636.7—Dogs [Animal Husbandry, Dogs]
636.8—Cats [Animal Husbandry, Cats]
641--Cooking [Food and Drink]
658—Management [General Management]

700—Arts [The Arts]
759—Historical artists [(Arts) Historical, geographic & persons treatment]

800--Various Literature, poetry, plays [Literature]

912--Atlases [Atlases, maps, charts & plans]
914-19--Travel [Geography and Travel, specific locations]

920--Biographies of groups [Biography, genealogy & insignia]
921--Biographies of individuals [Optional number]

930--Ancient History [History of the Ancient World]
940--European History [History of Europe]
970--American History [History of North America]
980--Latin American History [History of South America]

Admittedly, a very incomplete knowledge in my head. But I can find the others.

A couple days ago, a patron came in and said, "I found this book in your catalog and wrote down the number, but I guess I didn't get enough of it, because when I went there, I couldn't find the book. It's about Caribbean culture." She showed me here paper: Caribbean 641.5

I went back to the catalog with her and started to type in "Caribbean Cookery."

"No," she said, I don't want a Caribbean cookbook. I did a keyword search for Caribbean and about seven thousand titles showed up and I was going through them. At about page four I found one that caught my eye. It was about Caribbean culture."

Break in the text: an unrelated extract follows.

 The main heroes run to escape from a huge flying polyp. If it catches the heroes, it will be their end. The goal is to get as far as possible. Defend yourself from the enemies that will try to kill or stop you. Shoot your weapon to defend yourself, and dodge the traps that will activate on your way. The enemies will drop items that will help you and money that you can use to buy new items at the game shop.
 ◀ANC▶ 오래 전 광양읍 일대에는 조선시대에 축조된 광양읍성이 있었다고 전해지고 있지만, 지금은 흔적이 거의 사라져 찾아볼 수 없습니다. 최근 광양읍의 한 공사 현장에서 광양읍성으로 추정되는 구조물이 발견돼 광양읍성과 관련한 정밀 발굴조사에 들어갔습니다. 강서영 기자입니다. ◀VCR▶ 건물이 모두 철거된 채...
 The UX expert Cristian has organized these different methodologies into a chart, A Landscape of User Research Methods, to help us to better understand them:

"But 641 would be a cookbook...," I said.

"No, it wasn't a cookbook. I just searched on Caribbean."

"Okay, well, I'll try this." Then I keyword searched Caribbean and limited it to just books we own in the building. Seventy-nine titles claimed to be in the list.

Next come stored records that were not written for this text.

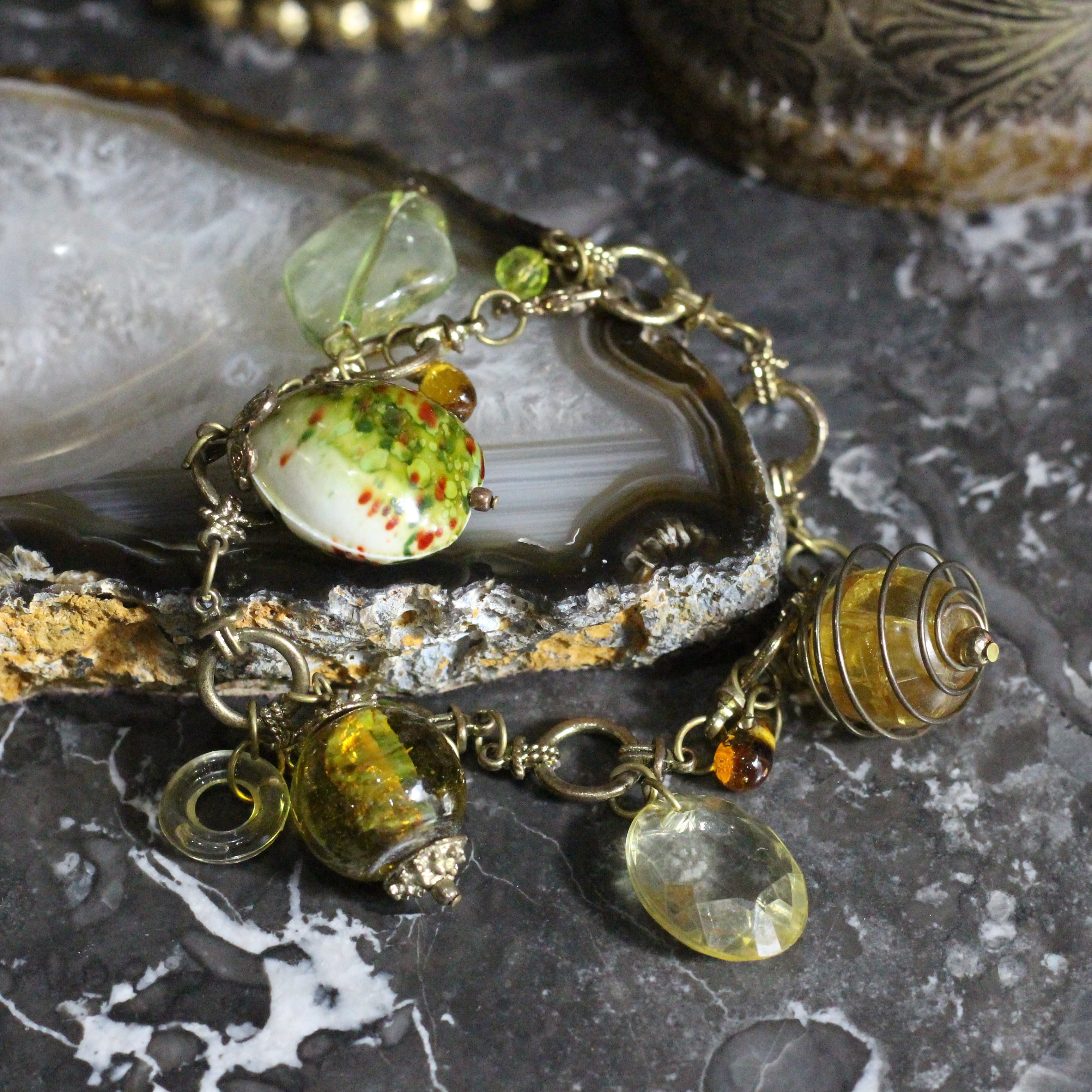 USA VINTAGE COLOR STONE DESIGN CHAIN BRACELET/アメリカ古着カラーストーンデザインチェーンブレスレット
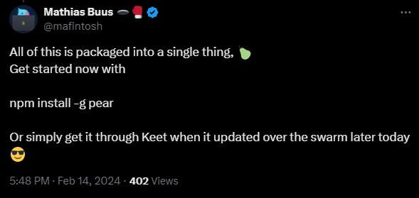 - "Among these: https://github.com/holepunchto/pear - the runtime. This is an insane piece of engineering led by @davidmarkclem . Run apps from the swarm, live anywhere in the world - unstoppable."
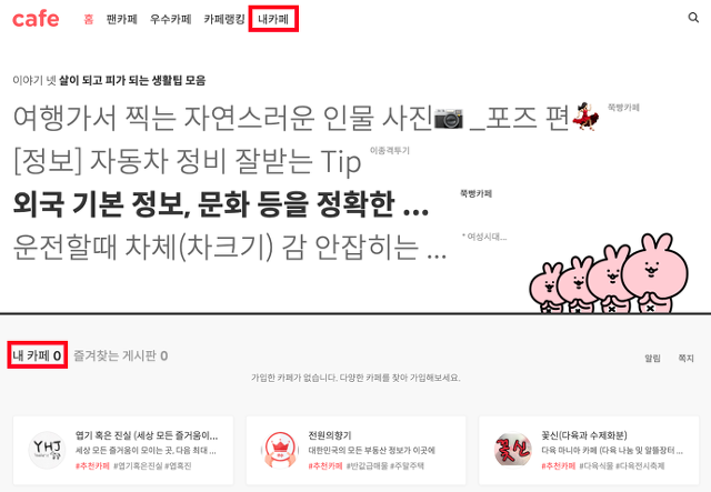 다양한 카페가 존재하며, 각 카페는 특정 주제나 관심사를 중심으로 운영됩니다.

"Oh, that's a lot better than seven thousand," she said. "I can find it from here."

So I went back to the desk.

Ten minutes later:

"It was a cookbook after all. But it had pictures and talked about the culture. Thank you," she said.


Even when I know what I know,
I can let it go
If a patron tells me so.

Monday, October 1, 2007

There is beauty in the bellow of the blast

(Thanks to Gilbert & Sullivan)
Actually, this was merely a wet rain and not any blast at all. But I thought the colors and blurs were pretty. I'm a little less than completely happy (apologies to Anne Shirley & L[ucy] M[aud] Montgomery) with the picture. I like it better than the picture I took of the same view that had the signs and flowers in focus, but I think I'd like it better if I had an even smaller depth of field--with the sign and the flowers even more out of focus and the raindrops startlingly in focus.

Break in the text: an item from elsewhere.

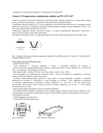 Instrukcja do ćwiczeń laboratoryjnych „Technologia robót drogowych” Temat 3.2Temperatura mięknienia asfaltu wg PN–EN 1427 Celem ćwiczenia jest oznaczenie temperatury mięknienia asfaltu, będącej temperaturą, w której asfalt osiągnie pewną, określoną konsystencję, w umownych, ściśle określonych warunkach badania. Temperatura mięnienia asfaltu (T PiK,°C) jest to temperatura, przy której asfalt umieszczony w znormalizowanym pierścieniu, ogrzewany w określonych warunkach dotknie podstawy aparatu ( pokona odległość 25,0mm ± 0,4 mm) pod ciężarem stalowej kulki (PN–EN 1427). Temperatura mięknienia określa właściwości asfaltu w wysokich temperaturach eksploatacji nawierzchni i stanowi umowną granicę stanu lepko-sprężystego. Dla asfaltów bezparafinowych T PiK odpowiada temperaturze, której asfalt ma penetrację równą 800x0,1mm. Rys. 1 Zasada wykonywania badania temperatury mięknienia TPiK [Błażejowski K., Olszacki J., Peciakowski H., Poradnik asfaltowy, 2014] Wyposażenie stanowiska laboratoryjnego - aparat Pierścień i Kula - dwa pierścienie, z bocznym uskokiem, z brązu, o wymiarach podanych na rysunku 2. - płytka do nalewania, płaska gładka metalowa płytka o wymiarach 50 mm x75 mm i grubości od 1,5 mm do 2,0 mm, z wywiniętymi w dół brzegami (rysunek 3). - dwie stalowe kulki o średnicy 9,50 mm ± 0,05 mm, każda o masie 3,50 g ± 0,05 g - dwie prowadnice do współosiowego ustawienia kulek, z brązu, pozwalające na współosiowe ustawienie stalowych kulek, po jednej na każdym pierścieniu. - mosiężny element podtrzymujący pierścienie i jego części, w pozycji poziomej, o kształcie i wymiarach pokazanych na rysunku 4, wyposażony w części pokazane na rysunku 5. Dno wgłębienia na pierścień w elemencie podtrzymującym pierścienie powinno znajdować się 25,0 mm ± 0,4 mm ponad górną powierzchnię dolnej płyty; górna krawędź pierścieni powinna znajdować się 50 mm ± 3 mm poniżej powierzchni cieczy w łaźni. - łaźnia wodna (szklana żaroodporna zlewka o pojemności 600 ml) - mieszadło łopatkowe działające magnetyczne wraz z płytką grzejną, o długości około 40 mm i średnicy 8 mm, zapewnieniające równomierne rozprowadzenie ciepła w łaźni. Prędkość obrotowa mieszadła powinna wynosić w przybliżeniu 100 min-1. - środek odspajający (np. gliceryna) - woda destylowana lub dejonizowana Rys.2. Pierścień Rys.3 Płyta do nalewania Rys. 3. Prowadnica kulek Rys. 4. Element podtrzymujący pierścienie Przygotowanie próbek do badania 1. Ogrzać dwa pierścienie, lecz nie ogrzewać płytki do nalewania, do temperatury w przybliżeniu o 90 °C wyższej od spodziewanej temperatury mięknienia i umieścić je na płycie do nalewania, pokrytej środkiem odspajającym 2. Rozgrzany asfalt nalać z niewielkim nadmiarem do każdego z pierścieni i pozostawić próbki do wystygnięcia w warunkach otoczenia co najmniej na 30 min. Od czasu nalania próbek do całkowitego zakończenia badania nie może minąć więcej niż 4 h. 3. Po ostygnięciu próbek ściąć nadmiar asfaltu rozgrzanym czystym nożem lub ostrzem, tak by każda próbka wypełniała pierścienie do jego górnego poziomu. Wykonanie oznaczania Zależnie od spodziewanej temperatury mięknienia należy dobrać właściwe warunki oznaczenia: - dla temperatur mięknienia od 28°C do 80°C badanie należy przeprowadzać z użyciem wody zdejonizowanej lub destylowanej, początkowa temperatura w łaźni powinna wynosić 5°C±1°C, pomiar temperatury z dokładnością do 0,2°C. -dla temperatur mięknienia od 80 °C do 150°C badanie należy przeprowadzać z użyciem gliceryny, początkowa temperatura w łaźni powinna wynosić 30°C±1°C, pomiar temperatury z dokładnością do 0,5°C. Procedura badania w wodzie: 1. Umieścić w aparacie pierścienie z badaną próbką, tak, aby powierzchnia cieczy w łaźni znajdowała się 50 mm nad górną krawędzią pierścieni. Używając pęsety umieścić obie stalowe kulki w łaźni, można użyć oddzielnego pojemnika o temperaturze odpowiadającej temperaturze badania. Kulki powinny mieć taką samą temperaturę, co pozostałe części aparatu. 2. Schłodzić łaźnię z wodą do początkowej temperatury badania, umieszczając ją w wodzie z lodem, 3. Za pomocą pęsety umieścić kulki w prowadnicy kulek. 4.Uruchomić aparat. Ciecz w łaźni jest mieszana mieszadłem magnetycznym i jest ogrzewana od spodu, tak aby temperatura podnosiła się równomiernie z szybkością 5 °C/min. 5.Odnotowywać, dla każdego pierścienia i kulki, temperaturę wskazaną na termometrze natychmiast, gdy kulka otoczona asfaltem dotknie dolnej płytki. 6.Powtórzyć oznaczanie, jeżeli różnica pomiędzy dwoma oznaczonymi temperaturami przekracza 1°C 7.Temperatura mięknienia jest średnią z dwóch oznaczeń z dokładnością do 0,2°C. Wyniki badań Temperatura mięknienia oznaczana w wodzie jest w przybliżeniu o 4 °C niższa niż oznaczana w łaźni glicerynowej. Przy zapisie otrzymanych wyników należy postępować zgodnie z poniższymi zasadami: 1. Temperatury mięknienia od 30 °C do 80 °C oznaczone w łaźni wodnej.- podać otrzymany wynik. 2. Temperatury mięknienia powyżej 80 °C oznaczone w łaźni wodnej - odrzucić wynik jako nieprawidłowy i oznaczenie powtórzyć w glicerynie. 3. Temperatury mięknienia 84 °C i niższe oznaczone w łaźni glicerynowej. Powtórzyć oznaczanie w łaźni wodnej. Jeżeli wynik oznaczania w łaźni wodnej wynosi 80 °C lub poniżej, podać te wyniki, w przeciwnym razie podać wyniki otrzymane w łaźni glicerynowej. 4. Temperatury mięknienia powyżej 84 °C oznaczone w łaźni glicerynowej. Podać otrzymany wynik. Opracowała: mgr inż. Agnieszka Woszuk Katedra Dróg i Mostów

Still, after one finishes picking up warm brown liquids at the coffee stand, this is excellent weather to visit a library and hunker down with a good book--or in the case of quite a few people, a good computer.

heh heh.

Monday, August 27, 2007

I saw that.

Random vignettes from today.
1. The man in the snack machine corner by himself talking to the vending machines, “Just remember that! That’s what I thought. . . Just remember that!”

2. A different man. I forget how he even knows my name, but he almost always says, “Hi, Yorick!” when he’s coming in or going out. Today he told me it was his birthday yesterday--but his family was out for the weekend--so they were going to take him to a steakhouse today.
Then he mentioned that he had seen some commercials for a particular steakhouse over the weekend while watching ball games on TV. His brother said that the place was way too high end so he wasn’t taking him there. And he said how he felt that most steak places were the same anyway—just take a steak and cook it over open flame, after all. He said he did like to eat at The Mug Steakhouse better than at The HugMug Steakhouse (names are changed so that this isn’t a commercial). Then he said he guessed there was some difference in steakhouses after all.
I smiled and nodded and told him happy birthday late, and have a good dinner.
He smiled and said thanks and went out and I still don’t know him as well as he seems to think he knows me.